The News Tribune reported that 32-year-old Parker died the morning of Oct. 4 when a bus full of elementary school children made a right turn onto South 11th Street as Parker and her black Labrador mix were crossing the street. Passersby found her body and called for help, but she was pronounced dead at a local hospital. Parker was identified Oct. 10 after investigators matched her description to an apartment resident that building staff said they hadn’t seen for a few days.
The bus that hit Parker was part of Harlow’s School Bus Service and transported children to Impact | Commencement Bay Elementary, a charter school, police reports obtained by The News Tribune several weeks later revealed.
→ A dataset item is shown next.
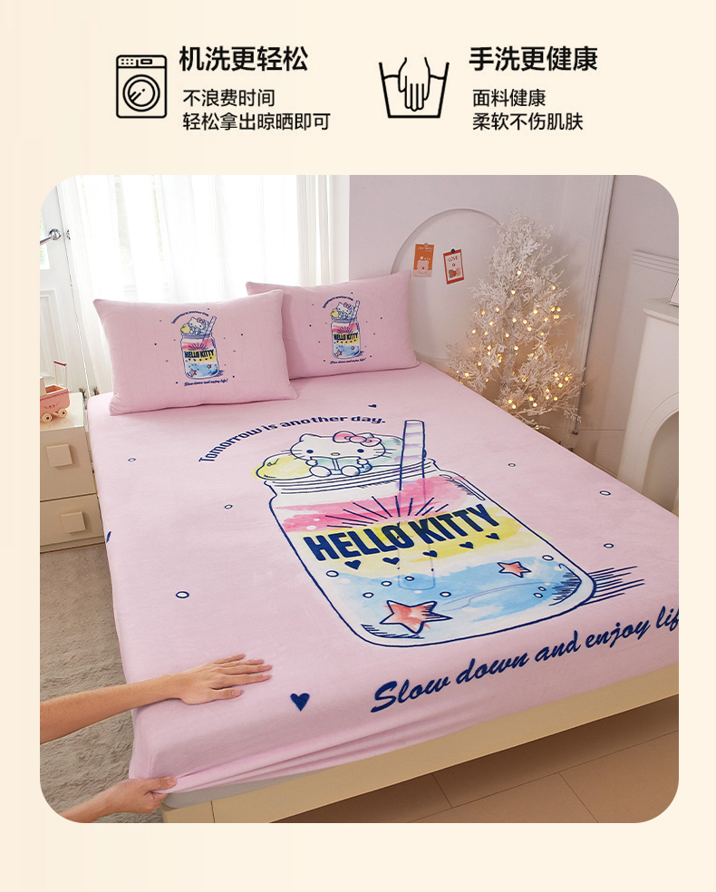 蘭菲家纺 2025新款三丽欧牛奶绒套件系列单品床笠 大杯奶茶-KT

Charges will not be filed against the driver because there is insufficient evidence to prove either vehicular homicide or a hit-and-run death, according to the deputy prosecuting attorney’s memo.
The News Tribune reached out to Parker’s family members and the bus driver Tuesday evening but did not immediately hear back.
On Wednesday, Parker’s mother and stepfather requested that The News Tribune reach out to their attorney for comment. Annie Alley, a spokesperson for the attorney, wrote that they won’t be sharing a statement at this time.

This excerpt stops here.